Creating an ERM culture requires people: technology alone does not create an effective risk management system. It also takes dedicated people at all levels with focus and vigilance.

AuthorBrown, Jeffery
PositionEnterprise Risk Management

The first "World Risk Day," on June 26, 2012, was created to raise awareness around how taking smarter risks drives corporate strategy, improves business confidence and grows profits. That message introduces a key point that is often overlooked: effective risk management is not about trying to avoid risk; it is about striking a balance between minimizing risk and maximizing reward.

Creating and implementing an enterprise risk management (ERM) practice is critical to achieving and maintaining that balance. A critical topic to examine within ERM is whether a lack of information controls is creating unacceptable risk levels. One solution to reducing elevated risk levels is to implement a software-based solution to establish automated end-to-end controls, eliminating the risks and costs associated with performing the risk-related tasks manually.

Technology can facilitate the implementation of a three-phase approach to ensuring accuracy of information as it moves across disparate systems. However, technology should not play an exclusive role in shaping an effective ERM program.

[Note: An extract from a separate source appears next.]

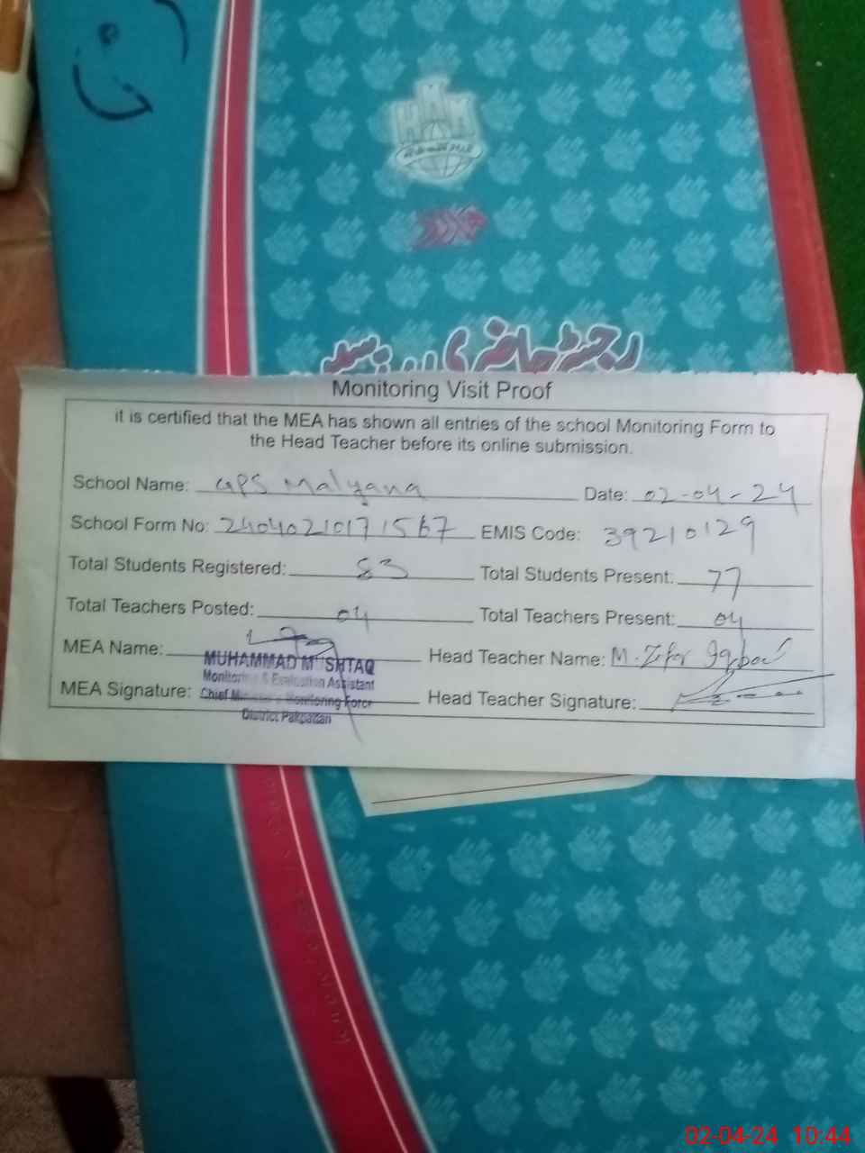 | EMIS Code: 39210129 | Name of School: GPS MALYANA P.O KALYANA | |||

Regularly training and communicating risk to employees at all levels across the entire organization can play just as critical a role in improving decision-making, while also reducing risk and likelihood of falling out of compliance.

Business operations are information driven. Organizations receive, process, produce, store and send a staggering array of information to support and manage operations, satisfy regulators and make important decisions. They use sophisticated information systems and state-of-the-art information technologies.

However, information environments are inherently susceptible to the risk of information errors, which can result in increased costs, reputational and compliance risks and overall inefficiencies.

In addition, information errors may adversely impact an organization's ability to operate competitively. To combat overwhelming information errors, organizations are increasingly developing and implementing data governance strategies that are aimed at detecting and preventing occurrences.

Data governance is the practice of developing standards, processes and controls around data to ensure the availability, usability, integrity and security of the data employed in an enterprise. As part of their data governance initiatives, most organizations deploy an array of automated tools and techniques to ensure the accuracy, consistency and reliability of information.